Nas tardes de quarta-feira, donas de casas, jovens e mães com o rebento a tiracolo se reúnem na Associação das Mulheres Batalhadoras do Franciscato, zona sul de Londrina, para transformar retalhos de tecidos em simpáticas peças de utilidade doméstica. Desde o início do ano, elas aprendem a combinar cores e a dispor os pedaços de pano de forma harmoniosa, descobrindo os segredos do patchwork, com alunos de Artes Visuais da Unopar. A iniciativa faz parte do Projeto Meio Ambiente, que o curso desenvolve em diversos bairros de Londrina.

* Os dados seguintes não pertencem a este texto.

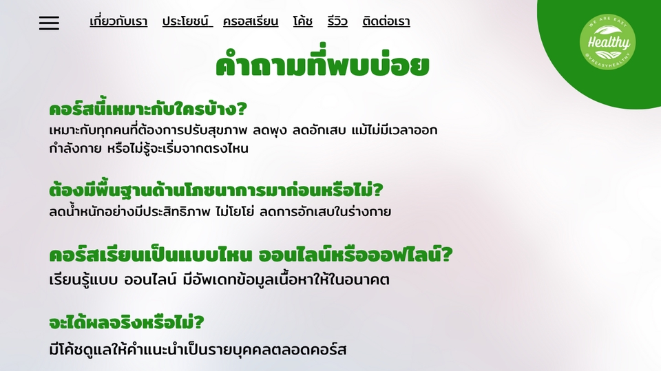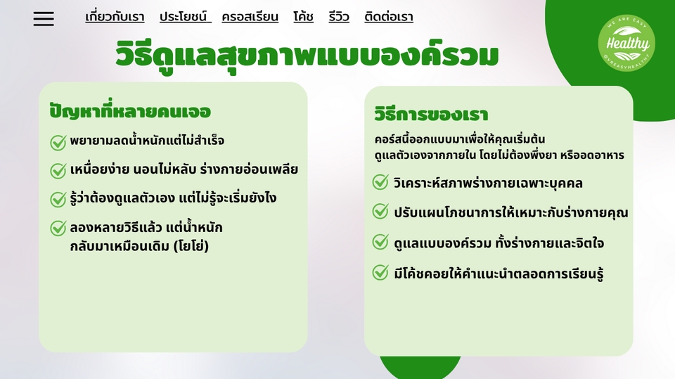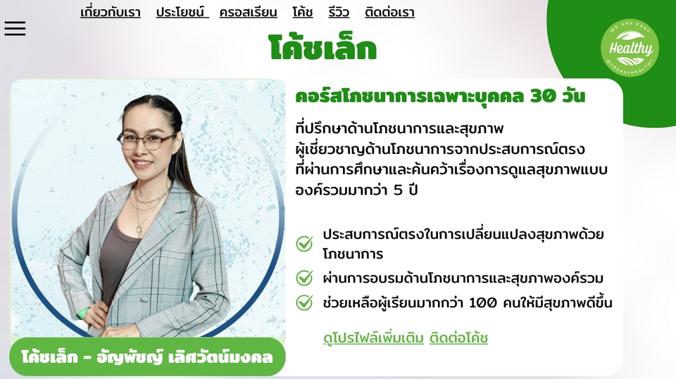 🥗 คอร์สดูแลสุขภาพส่วนบุคคล 30 วัน – ลดพุง ลดอักเสบ ไม่โยโย่ โดยไม่มียา! เรียนรู้ “โภชนาการเฉพาะบุคคล” กับโค้ชมืออาชีพ ประสบการณ์ตรงด้านสุขภาพและโภชนาการแบบองค์รวม --- 🔍 รายละเอียดบริการ ✅ วิเคราะห์สุขภาพเฉพาะบุคคล ✅ ปรับแผนโภชนาการให้เหมาะกับร่างกายคุณ ✅ มีโค้ชดูแลแบบตัวต่อตัวตลอด 30 วัน ✅ ไม่ต้องใช้ยา ไม่ต้องอดอาหาร ✅ เรียนรู้ผ่านออนไลน์ มีอัปเดตเนื้อหาให้ต่อเนื่อง ✅ เข้าใจร่างกายของตัวเอง พร้อมเทคนิคการกินที่ยั่งยืน --- 📚 สิ่งที่จะได้รับ แผนโภชนาการเฉพาะบุคคล 30 วัน คลาสเรียนออนไลน์เข้าใจง่าย เอกสารและคู่มือประกอบการเรียน ให้คำปรึกษา 1:1 กับโค้ชเล็ก ตลอดคอร์ส ความรู้ในการอ่านค่าผลสุขภาพพื้นฐาน --- 🎯 เหมาะกับใคร? คนที่ลดน้ำหนักไม่สำเร็จ ไม่เคยเห็นผล ไม่มีเวลาออกกำลังกาย แต่ใส่ใจสุขภาพ อยากลดพุง ลดอักเสบ แบบยั่งยืน เคยโยโย่จากการอดอาหาร/ดีท็อกซ์ ไม่รู้จะเริ่มดูแลตัวเองยังไง --- 👩⚕️ เกี่ยวกับโค้ชเล็ก โค้ชเล็ก – อัญพัชญ์ เลิศวัฒน์มงคล ที่ปรึกษาด้านโภชนาการและสุขภาพประสบการณ์ตรงกว่า 9 ปี ดูแลสุขภาพมาแล้วมากกว่า 100 คน

A professora Elisa Gerais Greca explica que a recuperação de retalhos é feita com sobra de tecidos, basicamente cetim e algodão, doados por duas empresas da cidade. Como a maioria das mulheres já sabe costurar, o projeto estimula, sobretudo, a criatividade. ‘‘No começo, elas estavam inibidas, mas agora a empolgação é tanta que trazem tudo montado de casa’’, conta.
A especialidade da turma são os pegadores de panela, vendidos a R$ 5,00. Mas elas produzem também suporte de mesa para panelas com tecidos recortados formando bordados (R$ 6,00), aparadores de porta (R$ 6,00) e almofadas (R$ 7,00), cujo enchimento também é feito com material reaproveitado – isopor vindo da separação de lixo feita no bairro.
Sônia Liasch, uma das alunas participantes do projeto, aprendeu na infância com a avó a mexer com retalhos. Acompanha as mulheres desde o início dos trabalhos e está satisfeita com os resultados. ‘‘O que me motiva é que elas vêm com vontade de aprender. O pouco que a gente passa para elas é muito’’, diz Sônia, enquanto ensina como franzir o tecido para formar as encantadoras flores de fuxico.
As peças começaram a ser vendidas recentemente em bazares beneficentes. A estréia foi no calçadão, às vésperas do Dia das Mães. ‘‘Os interessados também vêm até o bairro para comprar’’, observa Sônia. O dinheiro obtido com as vendas é dividido da seguinte forma: 50% para a instituição repor os materiais utilizados (linha, agulha, tesoura, peças das máquinas e tecido de acabamento) e 50% rateado entre as mulheres.
A dona de casa Leigila Aparecida Martins Gabriel, 42 anos, participa da Associação há dois anos e a venda de artesanato era a única renda da família até há pouco tempo, pois o marido estava desempregado. Agora que começou a trabalhar com retalhos, ela já faz planos maiores. ‘‘Eu e mais três amigas queremos montar uma microempresa, uma lojinha quem sabe’’, revela. Motivadas, elas têm se esforçado para aprender e produzir o máximo possível. ‘‘Às vezes, trabalhamos até meia-noite para trazer tudo montado na quarta-feira’’, conta Leigila, que está empolgada com o projeto. ‘‘Estou amando. A gente tem tantos problemas que se ficar em casa matutanto, enlouquece. Isso aqui é um remédio, em todos os sentidos’’, define.
A Associação das Mulheres Batalhadoras do Franciscato funciona na Rua Tadao Ohira, 325 – Jardim Perobal.